2 and 3 are enlarged cross-sectional views of the lower part in the open and closed positions for the second embodiment of the injector.

4 and 5 show corresponding partial cross-sectional views of a third embodiment mounted in a cylinder cover.

6 and 7 show corresponding partial cross-sectional views of a fourth embodiment.

FIG. 1 shows a fuel injector or fuel valve, which is indicated as reference numeral 1 as a whole with the upper flange 2 securing the injector in the engine. The flange has an upper connection portion 3, on which a pressure pipe, not shown, can be fixed, and pressurized fuel is supplied from a suitable fuel source, such as a fuel pump or a high pressure reservoir.

The injector has a nozzle 4 at the bottom. Fuel can be passed through the upper flow path 5 from the connection in the connection part 3 towards the nozzle 4, which spring guide 7 and the circulation slide 8 from the central bore 6 of the connection part. Is passed toward the pressure chamber 9, which is limited by the slide 8 and the slide guide 10. On the lower side of the sheet 11, the fuel can flow further toward the nozzle through the intermediate flow path 13 in the form of a central bore in the pressure pipe 13, the pressure portion 14 and the valve slide 15, The central bore here is connected to the main pressure chamber 16 via several inclined bores 17. The intermediate flow path ends downward in the main valve seat 18. In this injector open position below the valve seat, the fuel is directed to the lower flow path 19 in the form of a central bore 20 at the bottom of the slide guide 21 for the valve slide 15 and to a nozzle bore coaxial with it. Flows forward through it (see FIG. 2).

The central longitudinal nozzle bore includes an upper bore portion 22 with a larger diameter, which merges into the lower bore portion with a smaller diameter through the region 23 with a reduced diameter, from which the nozzle hole 24 ) Extends as shown in subsequent figures.

When the injector is in the closed position as shown in FIG. 1, the upper flow path 5 is connected through an unshown lateral path in the spring guide 7 with voids, the voids being wrapped by The preheated fuel can be circulated in the upper part of the injector in a known manner. As noted here, the injector of FIG. 1 is intended for the injection of oil, in particular for heavy fuel oil injection. When fuel injection is initiated, the oil pressure in the upper fuel flow path 5 and the pressure chamber 9 is increased so that the circulation slide 8 moves upward and blocks the transverse circulation path. At the same time, the flow path through the sheet 11 is opened and the pressure diffuses downward into the main pressure chamber 16 through the intermediate flow path 12 and the inclined bore 17. The compression spring 25 is retained on the upper spring disk 27 and pushed downwards through the lower spring disk 27 on the valve slide 15 to form an annular conical surface on the valve slide and the main valve seat 18. The valve portion 28, which is movable relative to, is pressed against the valve seat 18.

When the oil pressure in the main pressure chamber 16 reaches the valve opening pressure determined by the pre-loading of the compression spring 25, the valve slide 15 moves downward while at the same time the oil It begins to flow past the sheet 18.

The movable valve portion 28 restricts the upper portion of the valve slide 15 from the thin lower portion 30 of the slide. In the embodiment shown in FIG. 1, the lower portion 30 is cylindrical and has a diameter slightly smaller than the diameter of the nozzle bore portion 29 having a smaller diameter, so that the lower portion 30 of the slide has a lower bore. It may slide to seal into portion 29. Since the lower part 30 protrudes a certain distance into the bore part 29 when the injector is closed, the valve in the upper bore part 22 before the lower part 30 of the slide is lifted out of the bore part 29. By opening the pressure is increased, thereby opening for the oil flow to the nozzle hole. The pressure build up in the oil prior to the final path to the nozzle hole promotes fine atomization of the oil at the onset of atomization.

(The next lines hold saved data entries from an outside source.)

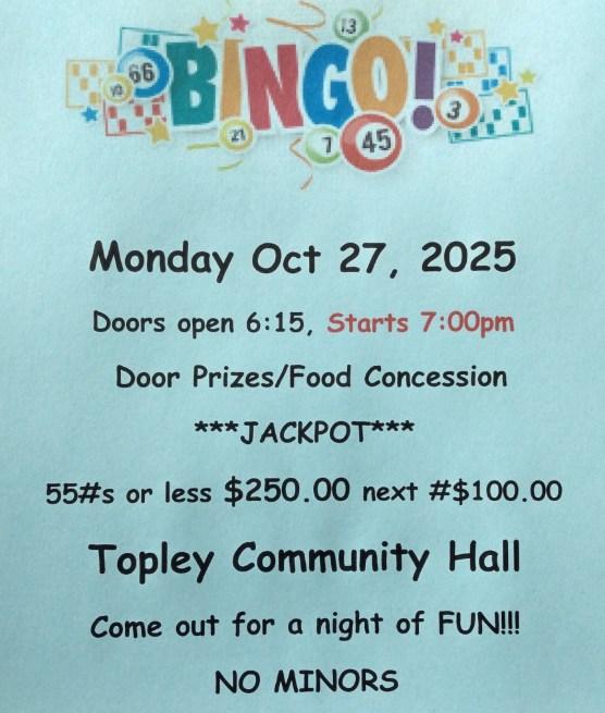 Wed is Sip’n'Stitch at 11am 1st and 3rd Wed is Bingo. 1st number called at 7pm
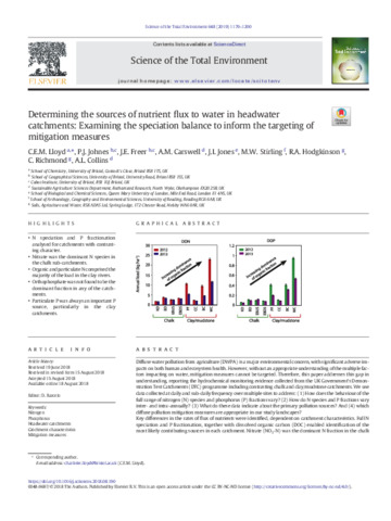 Determining the sources of nutrient flux to water in headwater catchments: Examining the speciation balance to inform the targeting of mitigation measures
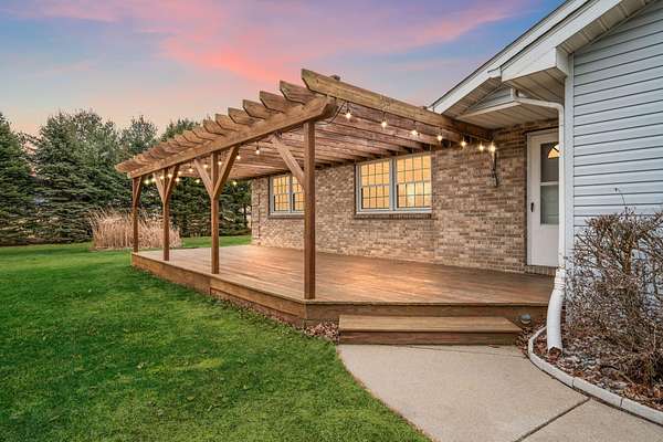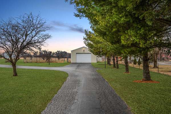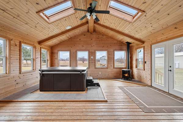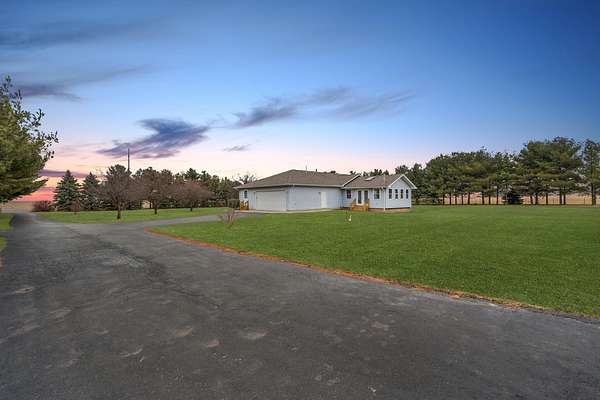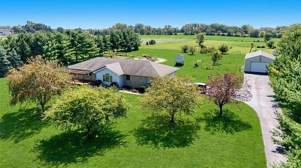 Welcome to your private country retreat on 5.65 beautiful acres, yet just minutes from town! This spacious 4-bedroom, 2.5-bath home with over 2,500 sq ft offers the perfect blend of comfort, space, and rural living. Inside, you'll love the open-concept layout with high ceilings and a large eat-in kitchen; featuring classic oak cabinets and nearly new stainless steel appliances. The home has been freshly professionally painted and features brand new carpeting, giving it a clean, move-in-ready feel throughout. Relax year-round in the heated four-seasons room with hot tub, overlooking the peaceful property and mature fruit trees. The home also features a large unfinished basement ready for your finishing touches and a 2-car attached garage. The 4th bedroom has access to the outside for use as a possible office, plus main floor laundry. Outside, the property is ideal for hobby farmers or horse lovers with a pole barn, open acreage, and horses allowed. Enjoy the privacy of a country setting while benefiting from the convenience of natural gas service--a rare find for rural properties. Major updates include a newer roof, newer front deck with pergola, and updated AC and furnace, giving peace of mind for years to come. If you're looking for space, privacy, and the ability to enjoy country living with modern comforts, this property is a must-see!
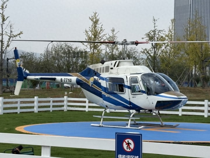 这是一架B-7710直升机,前后两排,除了驾驶直升机的机长,还可以搭乘4名乘客。坐进机舱、系好安全带,戴上耳机,随着螺旋桨飞速旋转,直升机缓缓升空,我们开启了赏青山湖从未体验过的“上帝视角”。
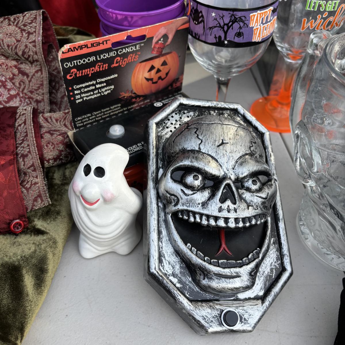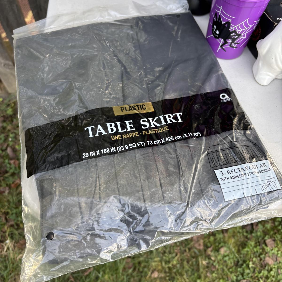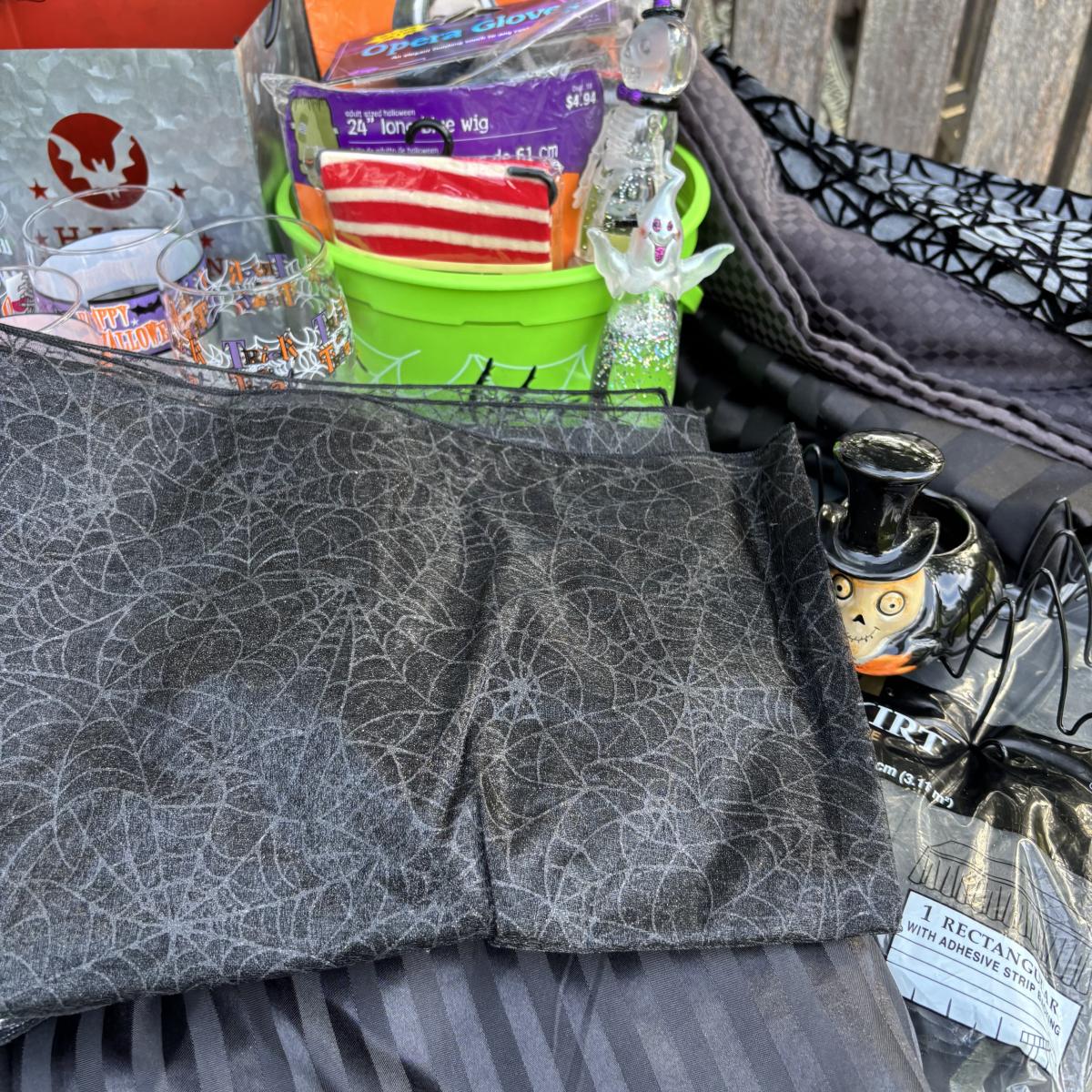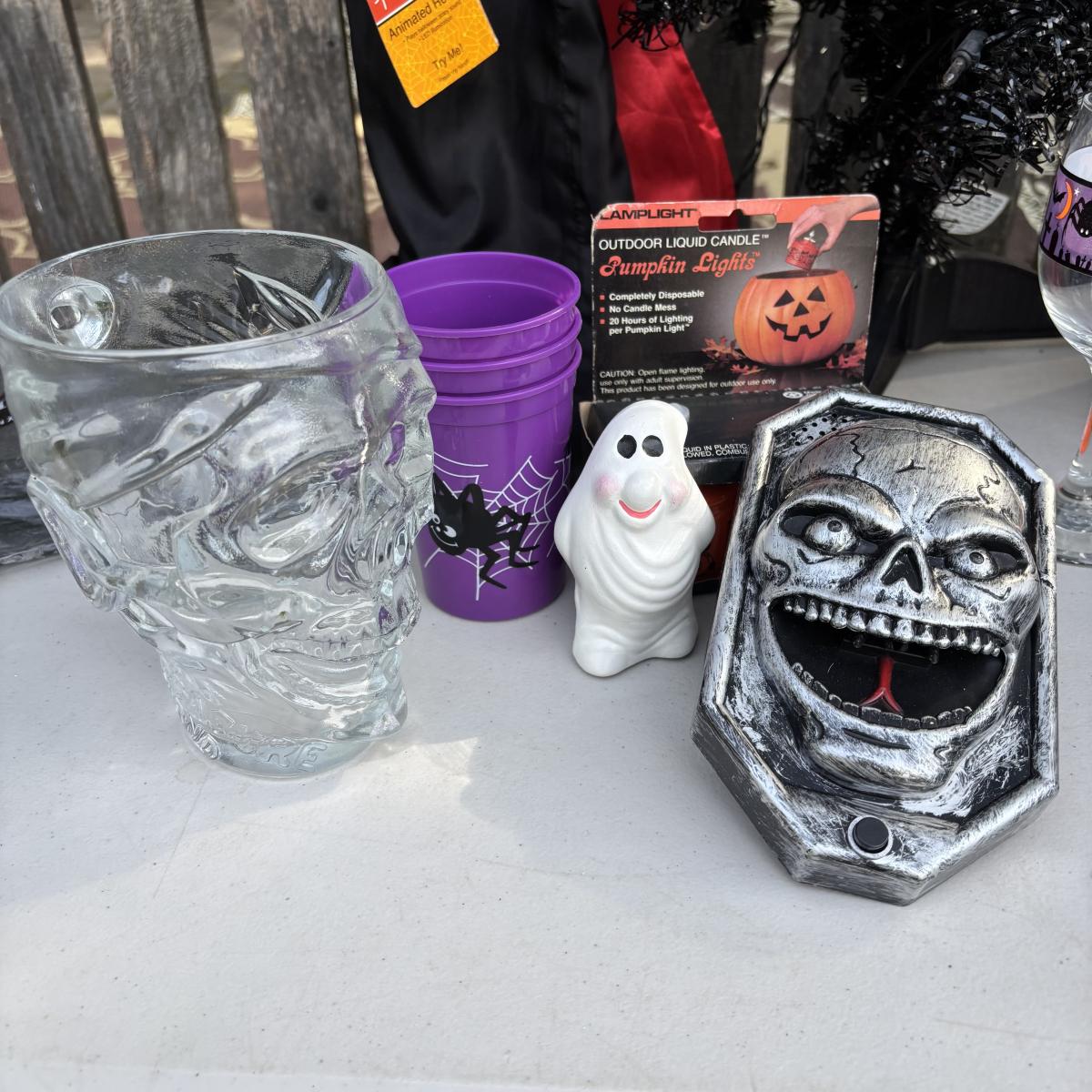 LOT 43: Halloween Decor & More: Tablecloths, Black Christmas Tree, Wine Glasses, Grim Reaper and More

A nozzle hole, not shown in FIG. 1, is located at the end of the bore portion 29, ie several bore diameters are spaced apart from the lower cone tip of the valve slide 15 when the slide is in the closed position as shown. . The lower portion 30 of the valve slide has a substantially constant diameter, but only requires precise machining on the bottom portion, which acts as the closing member 32 and slides into the lower portion 29 of the nozzle bore.

In the first embodiment shown in FIG. 1, the lower portion 30 of the valve slide 15 is formed integrally with the upper portion of the valve slide as its rigid extension, thereby guiding the slide portion of the upper slide. Without positioning other than within 21, the lower portion 30 is centered with respect to the nozzle bore.

In the mounting position of the injector, the adjacent surface 31 at the front end of the injector housing 2a is clamped against the conical surface facing upward on the cylinder cover of the engine. This adjacent surface is at the lowest position where the injector is exposed to a substantial cooling effect since the cover is cooled by coolant that circulates in the engine and maintains the temperature of the cover at, for example, 80 ° C. at the adjacent surface 31. to be. On top of the conical contiguous surface 31, the temperature of the injector generally corresponds to the temperature of the oil circulating in the injector and can be preheated, for example to 120-150 ° C. At least in its lowest part, the nozzle section located below the inclined adjacent surface 31 is in contact with the high temperature in the cylinder combustion chamber. Thus, the bottom portion of the nozzle is not substantially cooled. Next, as a whole, the valve 1 has an upper cooling valve portion 1a positioned above the adjacent surface 31 and substantially cooling extending upwardly from the lower end of the nozzle 4 to the adjacent surface 31. It can be said that it is divided into the lower valve part 1b which is not.

The nozzle 4 is a high temperature resistant material, which may also counteract the corrosive effects of the fuel in the region around the nozzle aperture. Since the tempered steel cannot withstand the high temperature levels in the uncooled valve section 1b, the nozzles can be made of, for example, the Inconell alloy ma 758 or Stellite 6 (Stellite 6) described in EP-AO 569 655. It is made from other high temperature resistant alloys such as 6).

It can be seen that the main valve seat is located in the cooled valve portion, while the closing member 32 and the upper portions of the bore portion 29 are located in the uncooled valve portion 1b. As the closure member 32 generally does not affect the material of the nozzle with the force acting in the longitudinal direction, both the closure member and the nozzle have a long service life despite the high temperature level.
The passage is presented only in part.